- Sire: Tramp
- Grandsire: Dick Andrews
- Dam: Web
- Damsire: Waxy
- Sex: Mare
- Foaled: 1825
- Country: United Kingdom
- Colour: Chestnut
- Breeder: George Child-Villiers, 5th Earl of Jersey

= Trampoline (horse) =

British-bred Thoroughbred racehorse

Trampoline (born 1825) was a Thoroughbred racehorse. Her most notable accomplishment was foaling the great sire, Glencoe.

Trampoline was dammed by Tramp, who produced various racing winners and sires, including Lottery. Web, the dam of Trampoline, was also granddam to the 1,000 Guineas and Epsom Oaks winner Cobweb, through her daughter Filagree.

Trampoline placed second in the 1,000 Guineas, before winning The Oatlands and the Windsor Forest Stakes, a race for three-year-old fillies. She was retired as a four-year-old in 1829, and sent to Phantom to breed, producing her first foal, Glenmore, in 1830.

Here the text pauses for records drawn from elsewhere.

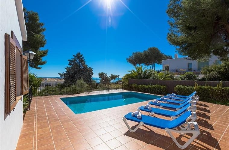 Set in a peaceful, wooded area just 500 meters from the beach, the property is surrounded by lush greenery and offers beautiful sea views. The private 8m x 4m pool, with a depth of 1.2m, is ideal for cooling off and relaxing under the Costa Blanca sun, accompanied by sunbeds for maximum comfort.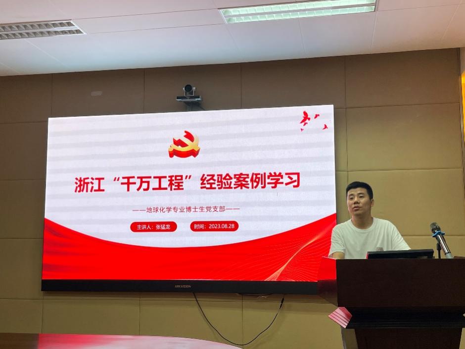 2023年8月28日中午,bw必威西汉姆联官网地化专业博士生支部在朱共山楼A205会议室召开主题党日活动,活动主题为学习习近平总书记在文化传承发展座谈会上的重要讲话精神和浙江“千万工程”的经验案例。活动由支部书记张猛龙同学主持。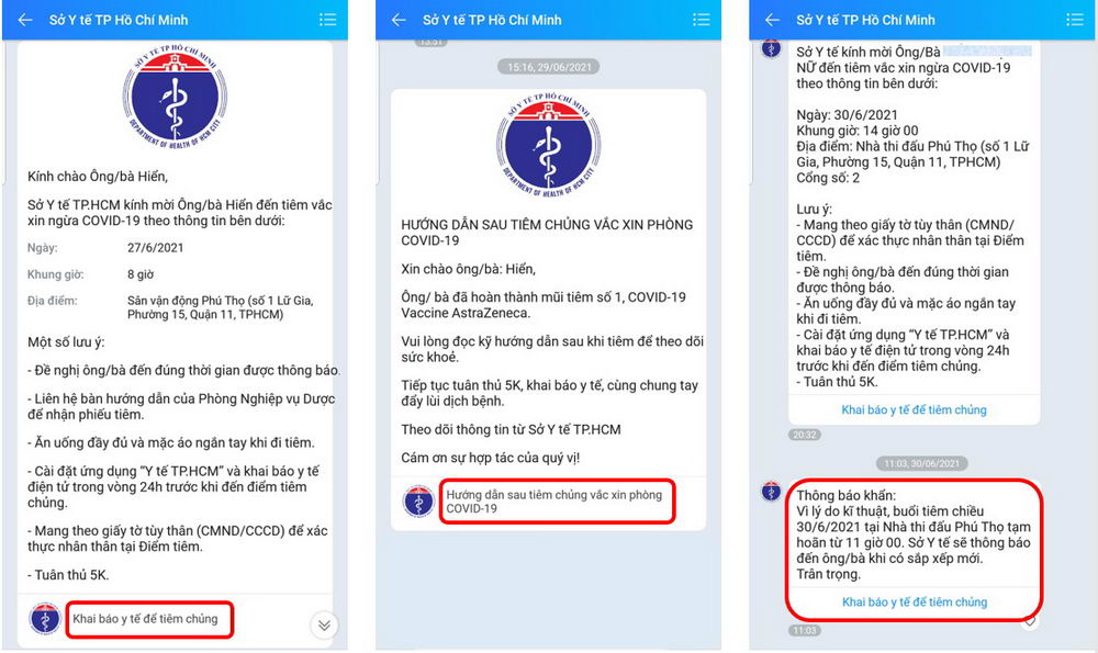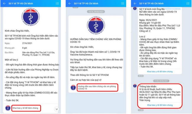Chị Minh Hiển (Quận Gò Vấp, TP.HCM) cho biết: “Sáng ngày 27-6 mình nhận được tin nhắn từ Zalo của Sở Y tế TP.HCM thông báo về việc đi tiêm vaccine. Nội dung rất cụ thể, rõ ràng về điạ điểm, ngày giờ, mình chỉ cần làm theo hướng dẫn thôi.”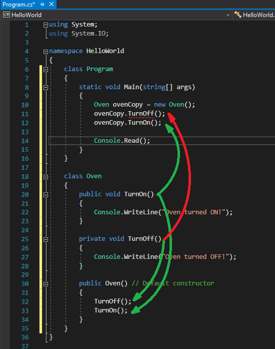 The TurnOff() method, being declared private, is accessible inside the class where it was declared, so, calling it inside the Oven constructor works fine. However, trying to call it from the Program class is forbidden. On the other side, method TurnOn(), being declared public is accessible to both the class where it was declared, and to the Program class.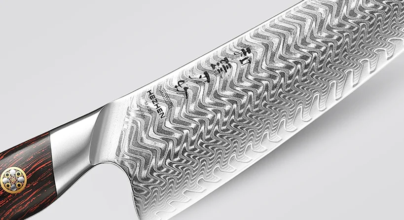 This process also plays a crucial role in achieving the desired bevel structure and revealing the original color of the steel. The initial polishing is carried out using a water mill, followed by fine polishing with a rubber wheel, resulting in a glossy knife face. Various polishing techniques, such as sanding, mirror light, and bright light, are employed to achieve different effects and obtain the distinctive patterns found on Damascus kitchen knives.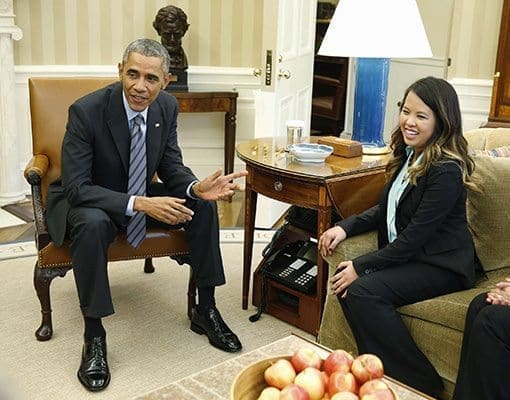 After she was released from the hospital, she paid a visit to President Barack Obama in the Oval Office at the White House.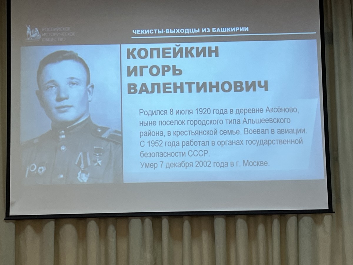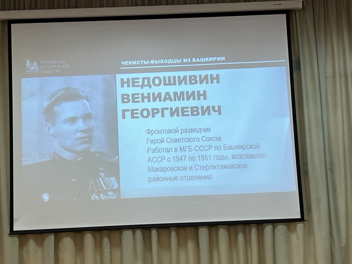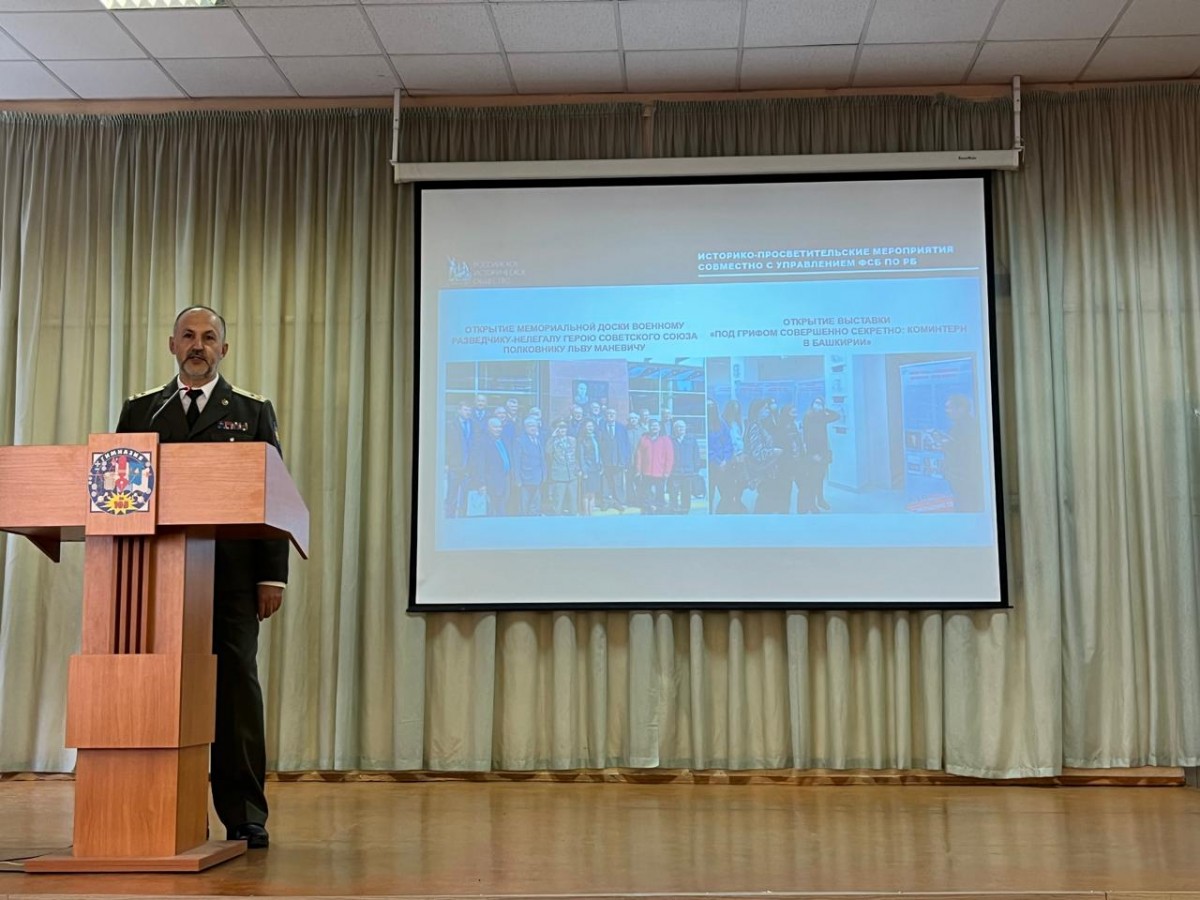 Председатель Совета отделения Российского исторического общества в Республике Башкортостан, директор Центра гуманитарных исследований Министерства культуры Республики Башкортостан, кандидат политических наук, полковник ФСБ в отставке - Марданов М.Х. рассказал ребятам о работе органов государственной безопасности в годы Великой Отечественной войны 1941-1945 гг. и о борьбе с бандитскими националистическими формированиями в послевоенное время.

Trampoline also produced a daughter, Glencairne (1838, by Sultan), who went on to be a great broodmare. Glencairne is found in the pedigrees of such horses as Gorgo (winner of the Union-Rennen), Cherimoya (winner of the Epsom Oaks), grandson Cameronian (winner of the Epsom Derby and 2,000 Guineas), Brie (winner of the French Oaks), Brisk (winner of the French Oaks), Bernborough, The Oak (winner of the Italian Derby), Alycidon, and the American horses Easy Goer and Sea Hero.

Trampoline's second foal, Glencoe (by Sultan), was perhaps her most famous son.

Trampoline was half-sister to Middleton, a chestnut colt by Phantom and a winner of the Derby Stakes.